眼圧と緑内障の治療ガイド
定期的な視力検査は、緑内障などの目の病気を早期に発見するために欠かせません。検査の一環として眼圧(眼内圧)を測定しますが、異常に高い眼圧は緑内障のリスクを示す重要なサインです。症状が現れにくく、放置すると失明に至ることもあるため、早期発見と適切な対策が重要です。
高眼圧の原因
眼圧は、房水と呼ばれる液体が適切に排出されないと上昇します。房水は虹彩の裏側にある毛様体で産生され、角膜や水晶体に栄養を供給した後、小さな組織(小房網様体)を通って排出されます。この排出路が詰まると房水がたまり、視神経に圧力がかかり、緑内障の原因となります。
よくある誤解
「眼圧が高ければ必ず緑内障」と考える人がいますが、これは誤りです。米国国立眼研究所によると、眼圧が高いことは緑内障のリスクがあることを示すだけで、実際に視神経が損傷していなければ緑内障ではありません。逆に、眼圧が正常でも緑内障になるケースがあります。
緑内障の種類
- 慢性開放隅角緑内障:最も一般的で、症状がほとんどなく徐々に眼圧が上昇し、視神経が損傷するまで気付かれにくい。
- 閉塞隅角緑内障:急激に眼圧が上がり、激しい眼痛、視界のぼやけ、頭痛、吐き気、光のハローなどの症状が現れる。
- 正常眼圧緑内障:眼圧は正常範囲だが視野が狭くなるタイプ。
- 剥離症候群(エクスフォリエーション症候群):水晶体や排液角に異常な物質が蓄積し、開放隅角緑内障を引き起こす。
- 色素沈着緑内障:若年の近視の白人男性に多く見られる。
- 外傷・腫瘍・他の眼疾患に伴う二次性緑内障。
検査方法
- 視力検査:遠近の視力を測定し、非接触式トノメーターで空気の吹き付けにより眼圧を測定。

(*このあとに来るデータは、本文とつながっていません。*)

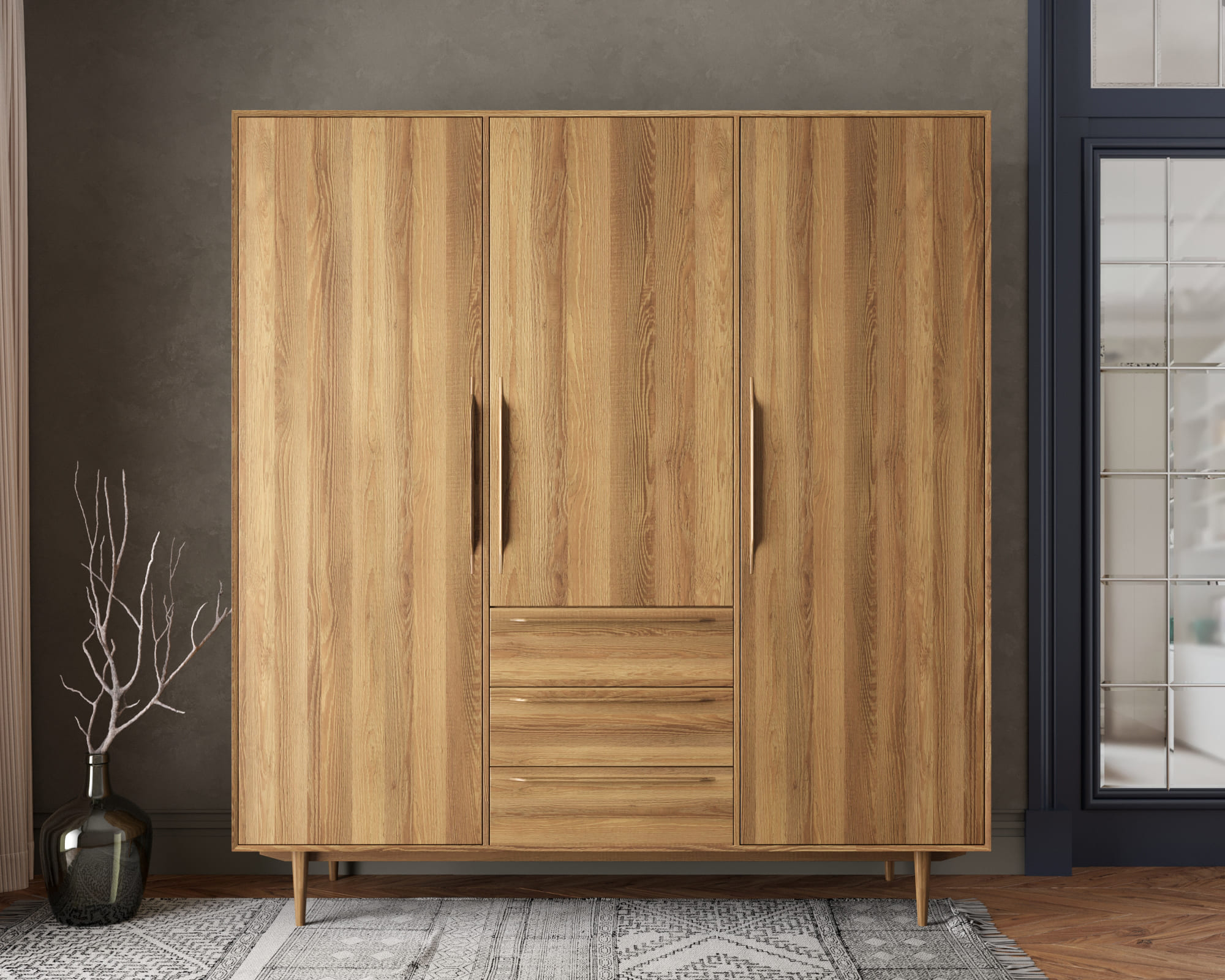 Трехстворчатый шкаф "Bruni" определенно станет главным функциональным предметом Вашей спальной зоны, неся в себе лаконичность, стиль и практичность и будет прекрасным дополнением в спальне в скандинавском стиле.

- 散瞳検査:散瞳薬で瞳孔を広げ、拡大レンズで眼底を観察し視神経の状態を評価。
- 接触式トノメトリー(アプレッショントノメトリー):局所麻酔後、角膜に直接触れて正確に眼圧を測定。
- 視野検査:周辺視野の欠損をチェック。
- 角膜厚測定(パチメトリー):超音波で角膜の厚さを測定し、角膜厚が眼圧測定値に与える影響を補正。
薬物治療
一時的に首を締めすぎる、逆立ちする、息を止めるなどで眼圧が上がることはありますが、持続的に高い眼圧が認められる場合は、眼圧を下げる薬が主な治療になります。治療の基本は「房水の産生を抑える」か「排出を促進する」ことです。主な点眼薬には、Timoptic、Lumigan、Xalatan、Trusopt、Pilocarpine、Alphagan などがあります。効果が不十分な場合は、作用機序が異なる別の点眼薬を併用することが推奨されます。
手術治療
眼圧が薬物で十分にコントロールできない場合、以下のような手術が検討されます。
- レーザー小房形成術(トラベクュロプラスティ):レーザーで排液路を開放し、房水の流れを改善。
- 濾過手術(トラベクュレクトミー):強膜に小さな開口部を作り、房水が直接排出できるようにする。
- シリコンチューブ植込み:小さなチューブを眼内に設置し、房水の排出路を確保。
自宅でできる対策
水分補給と適度な運動は眼圧を下げる基本です。1日を通してこまめに水を飲み、定期的な有酸素運動を行いましょう。カフェインの過剰摂取は眼圧上昇に影響する可能性があるため、過度のコーヒーは控え、代わりにお茶を選ぶと良いでしょう。緑内障は進行性の疾患で、完治は期待できませんが、早期に発見し適切に管理すれば視野の損失を最小限に抑えることができます。